The Northern Sea Route lies entirely in Arctic waters and has been trialed by other shipping lines seeking to take advantage of melting ice from global warming. 

“As a responsible company with a longstanding nautical heritage and passion for the sea, MSC finds the disappearance of Arctic ice to be profoundly disturbing. Every drop in the oceans is precious and our industry should focus its efforts on limiting environmental emissions and protecting the marine environment across existing trade routes,” said Diego Aponte, president & CEO, MSC Group.

Strategic approach to sustainability

The Geneva-based company said that it had completed a program to retrofit more than 250 ships in its existing fleet with the latest green technologies, cutting about 2 million tonnes of CO2 emissions each year.

Adding to it, the company said that its latest ultra-large container vessels (ULCVs) have the lowest carbon footprint by design, at 7.49 grams of CO2 emissions to move one tonne of cargo one nautical mile.

Also, it informed that it is on a well-defined pathway to meet the 2030 IMO level of ambition for CO2 emissions intensity reduction.

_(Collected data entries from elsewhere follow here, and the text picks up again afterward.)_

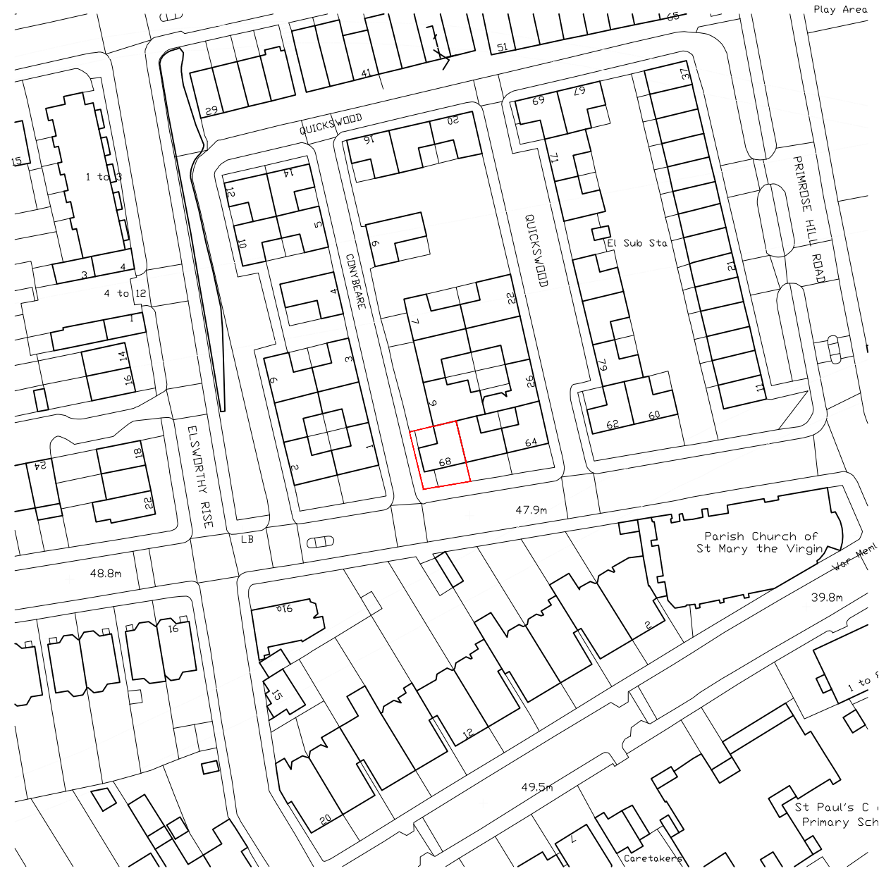
1 SITE LOCATION PLAN 1 : 1250

THIS DRAWING AND ANY DESIGNS INDICATED THEREON ARE THE COPYRIGHT OF THE ARCHITECT. ALL RIGHTS ARE RESERVED. NO PART OF THIS WORK MAY BE REPRODUCED WITHOUT PRIOR PERMISSION IN WRITING FROM THE ARCHITECT.
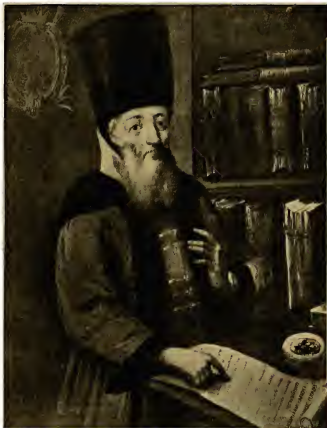
THE FIRST RUSSIAN CHANCELLOR. ANASTASY ORDUIN-NASHCHOKIN.
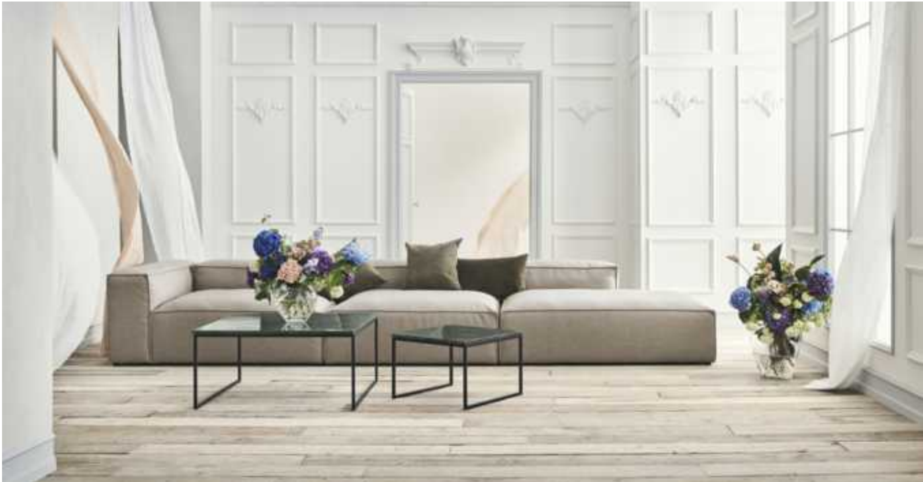
Cosima Modular Sofa in London, Grey Brown. Designed by kaschkasch. Como Coffee Table. Designed by Glismand & Rüdiger.
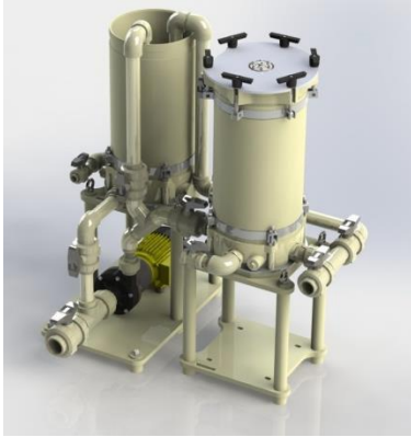
Super Space-Saver with slurry

SERFILCO filters can accommodate a variety of filter media including cartridges, disks, bags, permanent media or carbon and GAC. The rugged construction features a low pressure drop for long intervals of continuous high flow and long service life.
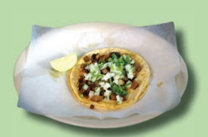
Taco de Carnitas
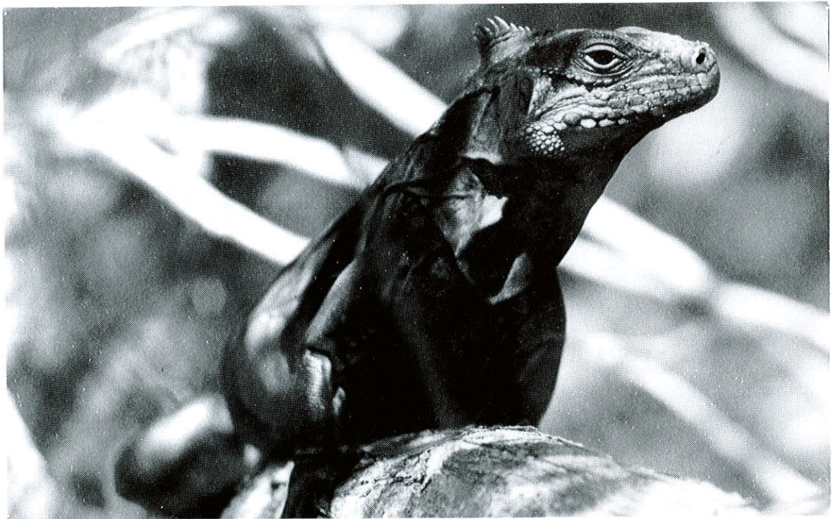
The Acklins Island rock iguana, Cyclura rileyi nuchalis, female in a tree.
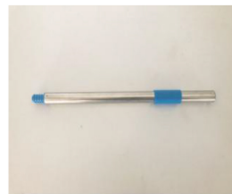
Middle part of the pole
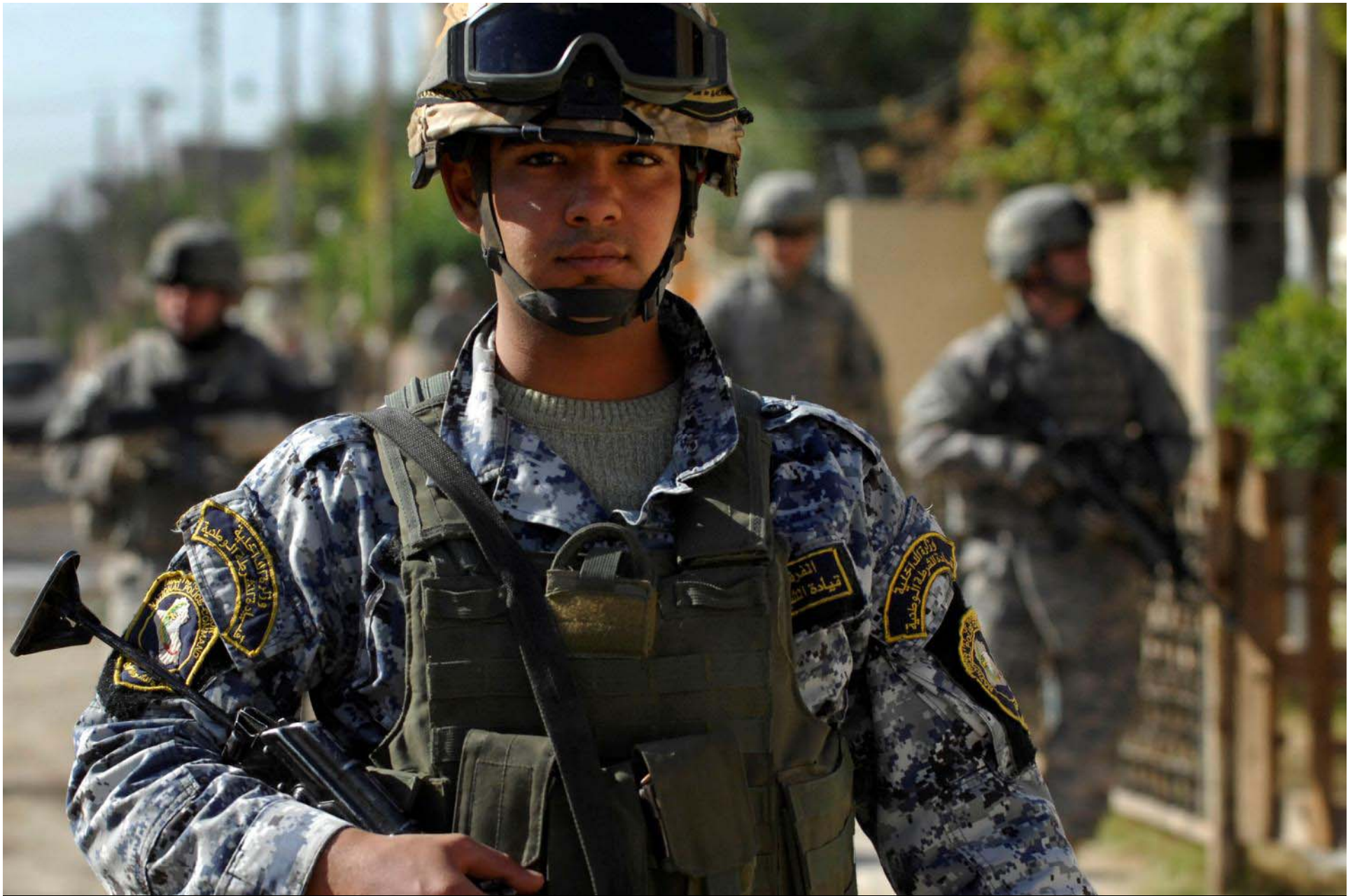
An Iraqi national policemen patrols forward of U.S. Army Soldiers during a joint patrol, meeting Iraqi civilians and handing out leaflets in the Rashid community of southern Baghdad, Iraq, Dec. 06, 2008 . The Soldiers are assigned to 1st Battalion, 22nd Infantry Regiment, 1st Brigade Combat Team, 4th Infantry Division.

081206-N-1810F-043
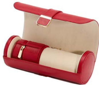
Palermo Red Double Watch and Jewellery Roll. Store your favourite watch and jewellery pieces in this sumptuous roll. Ideal for storing two watches, with small jewellery storage in a zip pouch and a hidden capsule for storing even smaller items.
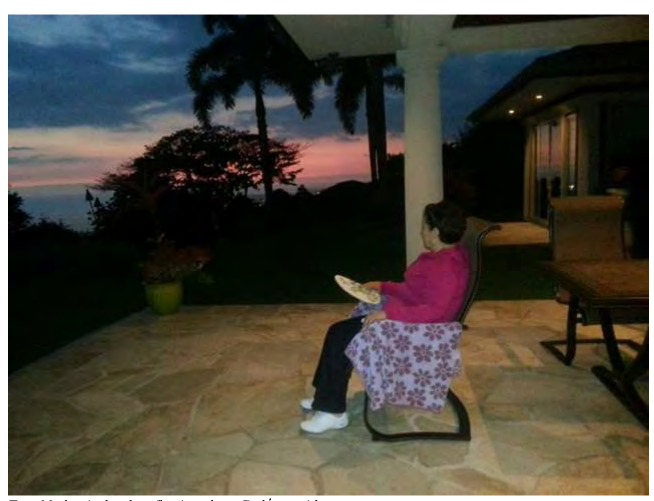
True Mother is deeply reflecting about God's providence

True Mother emphasized the importance of God's providence during the leaders' meeting in Kona, Hawaii. She mentioned the needs to raise 2nd Generation leaders and thorough future preparation.
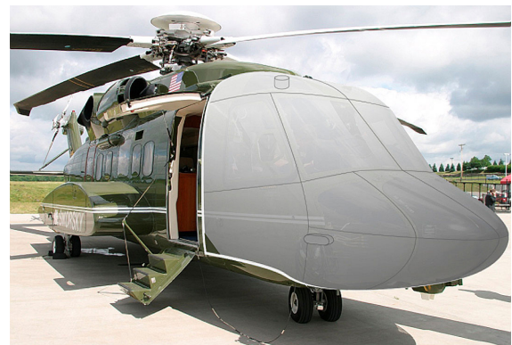
Sikorsky S-92 Windshield/Nose Cover (illustration)
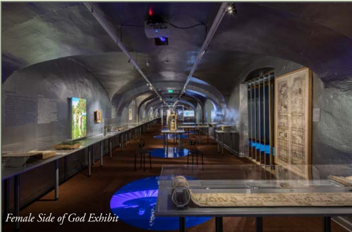
Female Side of God Exhibit

We all have enjoyed a great year at the Museum. The Reunion, in July, celebrated the 400th anniversary of the beginning of Jewish history in Hohenems. Our exhibition “The Female Side of God” brought more visitors to the Museum than any other exhibition in the past. So this year we will have about 19,000 visitors, an incredible development, and a great challenge for our team and the small villa that is waiting for all these guests.
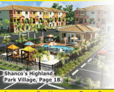
Shanco's Highland Park Village, Page 1B.
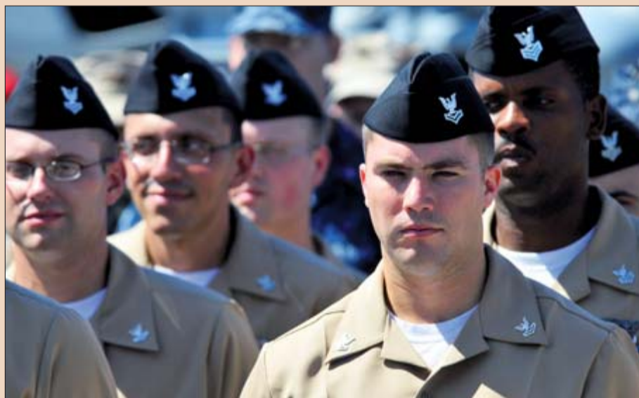
US Sailors stand in ranks at a promotion ceremony during Pacific Partnership 2011 onboard the amphibious transport dock ship USS Cleveland in the Arafura Sea.

WASHINGTON, DC, & SAN DIEGO, CA, USA: In one of the worst natural disasters in recent times, the Boxing Day tsunami killed more than 200,000 people in South-East Asia. Following the catastrophe, humanitarian missions organised by the Pacific Partnership have been conducted in the region each year since 2006. Recently, the first support troops including military dental providers were deployed from around the world for this year's campaign.
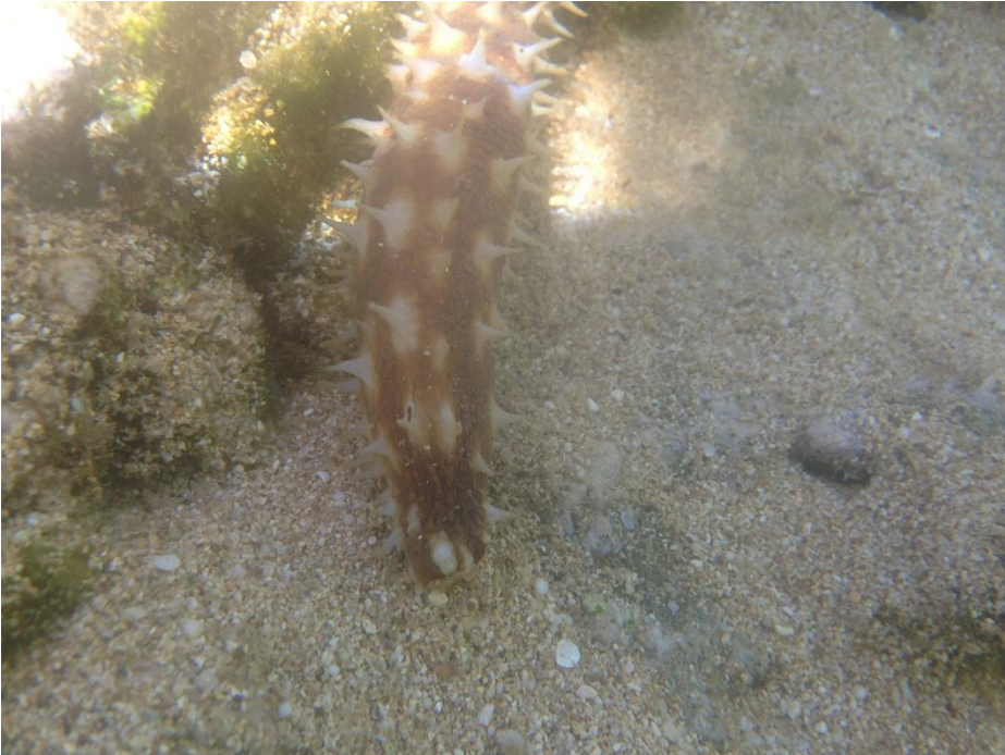
Photo 6- Holothuria hilla

“The great challenge which remains for container shipping this century is how to decarbonise and meet the UN IMO’s future emissions goals beyond 2030. While we are fully supporting these more distant targets, this will not be achievable without some major breakthroughs in fuel and propulsion technologies,” said Bud Darr, executive vice president, Maritime Policy & Government Affairs, MSC Group.

MSC is actively studying the potential of using new alternative fuel sources, such as biofuel blends, hydrogen fuel cells, complementary battery power and, potentially, wind and solar.

CMA CGM, in August, became the first container shipping company to decide that its fleet will not use the Northern Sea route as ‘it will represent a significant danger to the unique natural ecosystems of this part of the world’.

The French company found LNG as the best possible solution to significantly reduce the environmental footprint of maritime transport.

According to CMA CGM, the use of LNG reduces: emissions of sulphur and fine particles by 99%; nitrogen oxides emissions by 85% and carbon dioxide emissions by up to 20%.